Pourtant en grec, entre la joie, karan et la grâce kariV – il n’y a qu’une terminaison qui change. Dans l’évangile, Grâce et joie ont la même racine.

Joie inénarrable, irracontable, indicible disait Calvin. Peut-être. Mais c’est cette joie, cette bonne nouvelle d’une grande joie c’est quand même ce qui réunit l’église, ce qui fait l’église, cette parole que reçoivent les disciples et qui est de l’ordre d’une vocation pour le Christ qui vient de naître : « N’ayez pas peur, car je vous annonce la bonne nouvelle d’une grande joie qui sera pour tout le peuple ». Bonne nouvelle de la grande joie : vocation pour le Christ et pour l’église.
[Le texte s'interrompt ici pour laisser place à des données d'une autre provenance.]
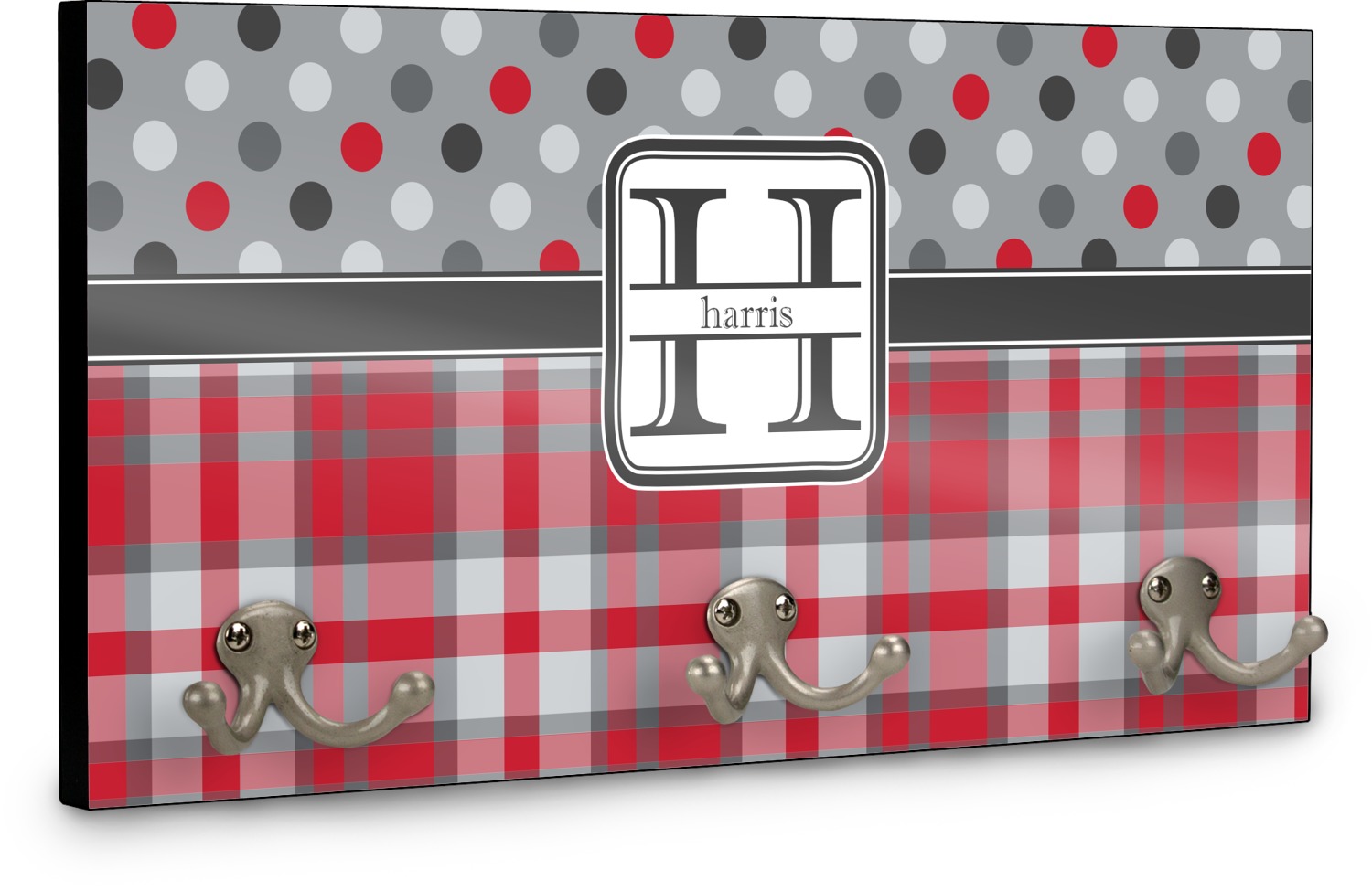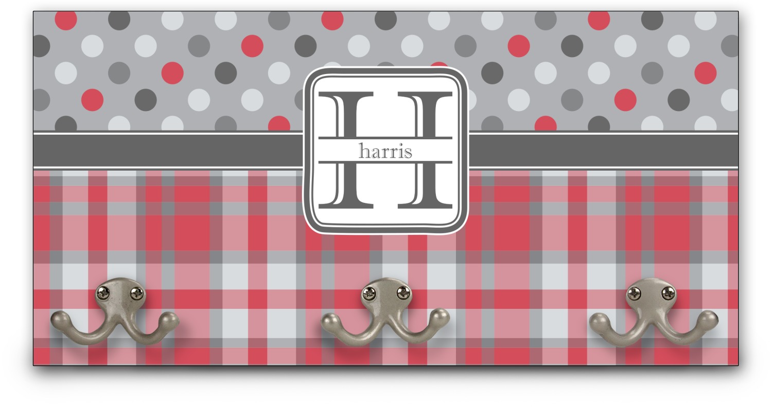 This coat rack is the perfect way to add some personality to your wall or entryway. The board is made of a strong maple that is approximately 16" x 8". The three 2-prong hooks are a sturdy metal that have three screws attaching them to the board. Your design is printed right onto the front of the board while the back and sides are a simple black.

L’invitation à la joie est vocation pour le Christ et pour l’église même si elle n’est que très peu présente dans les évangiles. Et pour cause. En ce jour de Noël, nous sommes autour de la crèche, ou du moins pas très loin, avec ces bergers dans les champs – mais pour autant, nous connaissons tous la fin de l’histoire : à lire l’évangile, de la grande joie pour tout le peuple, de la bonne nouvelle on passe rapidement au grand jugement par tout le peuple, et le peuple assemblé à Jérusalem criera : crucifie-le ! crucifie-le !

Tu parles d’une joie ! On comprend aisément que les évangélistes ne s’étendent pas plus sur la joie. Du fait du contraste entre cette nuit de Noël et la nuit du vendredi saint.
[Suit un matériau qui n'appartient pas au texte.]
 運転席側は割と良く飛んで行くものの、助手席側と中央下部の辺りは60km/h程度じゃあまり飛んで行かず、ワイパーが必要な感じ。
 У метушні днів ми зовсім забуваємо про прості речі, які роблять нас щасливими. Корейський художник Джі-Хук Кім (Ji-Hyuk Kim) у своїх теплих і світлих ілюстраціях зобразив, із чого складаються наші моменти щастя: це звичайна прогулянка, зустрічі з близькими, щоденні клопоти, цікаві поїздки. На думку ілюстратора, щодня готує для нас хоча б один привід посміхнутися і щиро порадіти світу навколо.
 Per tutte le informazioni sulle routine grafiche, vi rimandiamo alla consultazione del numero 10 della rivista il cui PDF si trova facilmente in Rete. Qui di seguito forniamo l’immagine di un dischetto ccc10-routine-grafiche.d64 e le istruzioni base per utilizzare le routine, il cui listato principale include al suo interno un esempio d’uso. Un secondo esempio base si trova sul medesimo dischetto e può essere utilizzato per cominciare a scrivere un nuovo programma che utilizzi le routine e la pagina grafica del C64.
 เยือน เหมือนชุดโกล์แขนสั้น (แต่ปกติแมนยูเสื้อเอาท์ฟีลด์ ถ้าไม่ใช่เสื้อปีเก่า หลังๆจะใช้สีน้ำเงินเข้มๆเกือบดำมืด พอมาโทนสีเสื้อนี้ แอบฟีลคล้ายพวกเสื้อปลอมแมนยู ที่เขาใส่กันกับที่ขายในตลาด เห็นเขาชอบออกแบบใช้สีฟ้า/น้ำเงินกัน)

Mais justement, ce contraste entre l’évangile et le jugement, entre la joie annoncée et la haine vécue, entre la crèche où Dieu vient à nous et la croix où nous le refusons, ce contraste devrait peut-être nous porter à réfléchir en église – une question : Là, où il n’y a pas de joie, y’a-t-il encore évangile ? Là, où il n’y a pas la joie, y’a-t-il encore l’église corpus christi ?

Ces mots peuvent être rudes à entendre. C’est vrai ; on a longtemps eu scrupule à parler de joie dans l’église car ces mots sont rudes pour les malades, les personnes endeuillés, les fatigués, les isolés, et toute la cohorte ceux qui n’arrivent plus à se réjouir, enfermés dans la souffrance quelque soit son nom.

Pourtant, l’évangile que nous avons à annoncer à la suite de l’ange aux bergers est l’évangile d’une grande joie. D’une joie donnée, d’une joie à recevoir – joie à recevoir peut-être justement là où ça fait mal : là où il y a la maladie, là où il y a le deuil, là où il y a la fatigue et la solitude ; joie de savoir, malgré tout, que nous ne sommes pas appelés à ce mal subit mais à autre chose ; joie de savoir que nous ne sommes pas seul face à ces tourments ; joie qui ne concerne pas les autres mais soi-même – là où la douleur se fait sentir car ce n’est pas à avoir mal que nous sommes appelés. Mais à la joie malgré tout.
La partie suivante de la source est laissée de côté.